Howard Marks: 79 Years of Investing Wisdom in 55 Minutes - My First Million Recap
Podcast: My First Million
Published: 2025-08-25
Duration: 49 minutes
Guests: Howard Marks
Summary
Howard Marks shares his timeless investing philosophy, emphasizing contrarian thinking, emotional discipline, and the importance of understanding market cycles to improve your odds in an uncertain world.
What Happened
Howard Marks, co-founder of Oaktree Capital, begins by explaining the essence of contrarian investing, emphasizing that true success comes from zigging when others zag. He highlights Warren Buffett’s principle: 'Be fearful when others are greedy and greedy when others are fearful,' underscoring the importance of emotional discipline in investing.
Marks shares insights on the S&P 500 and challenges the assumption that its long-term average return of 10% is guaranteed. He explains how the market’s PE ratio and investor behavior heavily influence returns and cautions against blind faith in historical averages. He also introduces the concept of rebalancing based on relative price movements as a safer alternative for non-active investors.
Reflecting on his 56-year career, Marks discusses his early move into high-yield bonds and distressed debt, areas considered risky at the time but which he approached conservatively to mitigate downside risk. He credits his innate caution, shaped by his parents’ experience during the Great Depression, for his success but admits it also held him back from pursuing more aggressive asset classes.
Marks recounts his experience during the 2008 financial crisis, where Oaktree invested $450 million per week over 15 weeks. He explains the logic behind deploying capital in high-stakes moments: if the world melts down, no action matters; if it doesn’t, failing to act is a disaster. This calculated risk-taking, rooted in understanding human behavior, allowed Oaktree to capitalize on fear-driven opportunities.
The episode dives into the psychology of investing, with Marks emphasizing the need for clinical observation and detachment from emotion. He cites the saying, 'When the time comes to buy, you won’t want to,' as a profound truth about market lows, where fear dominates.
Marks discusses his famed memos, including 'Bubble.com,' written during the dot-com bubble in 2000. These memos identify patterns of financial speculation and irrationality, grounded in historical cycles. He stresses the importance of recognizing where we are in the market cycle to improve investment odds, even if predicting the future remains impossible.

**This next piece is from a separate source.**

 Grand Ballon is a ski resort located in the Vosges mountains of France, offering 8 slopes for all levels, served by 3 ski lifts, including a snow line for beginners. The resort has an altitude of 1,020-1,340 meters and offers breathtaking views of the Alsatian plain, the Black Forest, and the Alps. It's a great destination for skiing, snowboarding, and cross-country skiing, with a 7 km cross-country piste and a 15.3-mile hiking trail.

The conversation turns to Marks’ reading habits, with him highlighting books like 'Devil Take the Hindmost' and 'A Short History of Financial Euphoria,' which explore investor behavior and historical cycles. He credits these books for shaping his understanding of market extremes and his ability to detect bubbles and crises.

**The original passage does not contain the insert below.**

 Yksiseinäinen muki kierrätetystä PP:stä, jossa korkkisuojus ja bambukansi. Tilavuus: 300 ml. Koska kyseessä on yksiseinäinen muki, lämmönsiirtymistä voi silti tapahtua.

Marks concludes by reflecting on the mistakes investors make, such as believing the present trends will continue indefinitely, underestimating the impact of emotions, and overconfidence in predicting the future. His advice centers on cultivating a methodical, clinical approach to investing and maintaining consistency to avoid catastrophic losses.
Key Insights
- Contrarian investing works because the crowd is often driven by emotion, not logic. Howard Marks channels Warren Buffett's mantra: 'Be fearful when others are greedy and greedy when others are fearful,' using emotional discipline to exploit market extremes.

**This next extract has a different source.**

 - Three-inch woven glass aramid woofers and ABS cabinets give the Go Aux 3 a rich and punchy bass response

- The S&P 500’s historical 10% return isn’t guaranteed—it depends on factors like the market’s PE ratio and irrational investor behavior. Blindly relying on past averages ignores the reality that conditions constantly shift.
- During the 2008 financial crisis, Oaktree deployed $450 million weekly for 15 weeks, betting on fear-driven opportunities. Marks' rationale: if the system collapses, nothing matters, but if it doesn’t, inaction could be catastrophic.
- Investors often fail because they assume trends will last forever and overestimate their predictive abilities. Marks' antidote: study historical cycles, like in his memo 'Bubble.com,' to recognize when markets are irrational without trying to time the future perfectly.
Key Questions Answered
What does Howard Marks say about the S&P 500 on My First Million?
Marks challenges the assumption that the S&P 500 will always return 10% annually, explaining how PE ratios and investor behavior impact returns. He cautions against blind faith in historical averages and highlights the importance of understanding market cycles.
How did Howard Marks invest during the 2008 financial crisis?
Oaktree invested $450 million per week for 15 weeks during the crisis, leveraging fear-driven opportunities. Marks explains the logic: acting decisively in uncertain moments ensures capital is deployed when prices are suppressed.
What books does Howard Marks recommend for understanding financial cycles?
Marks recommends 'Devil Take the Hindmost' and 'A Short History of Financial Euphoria,' both of which explore investor behavior and historical financial speculation, helping to identify market cycles and irrational behavior.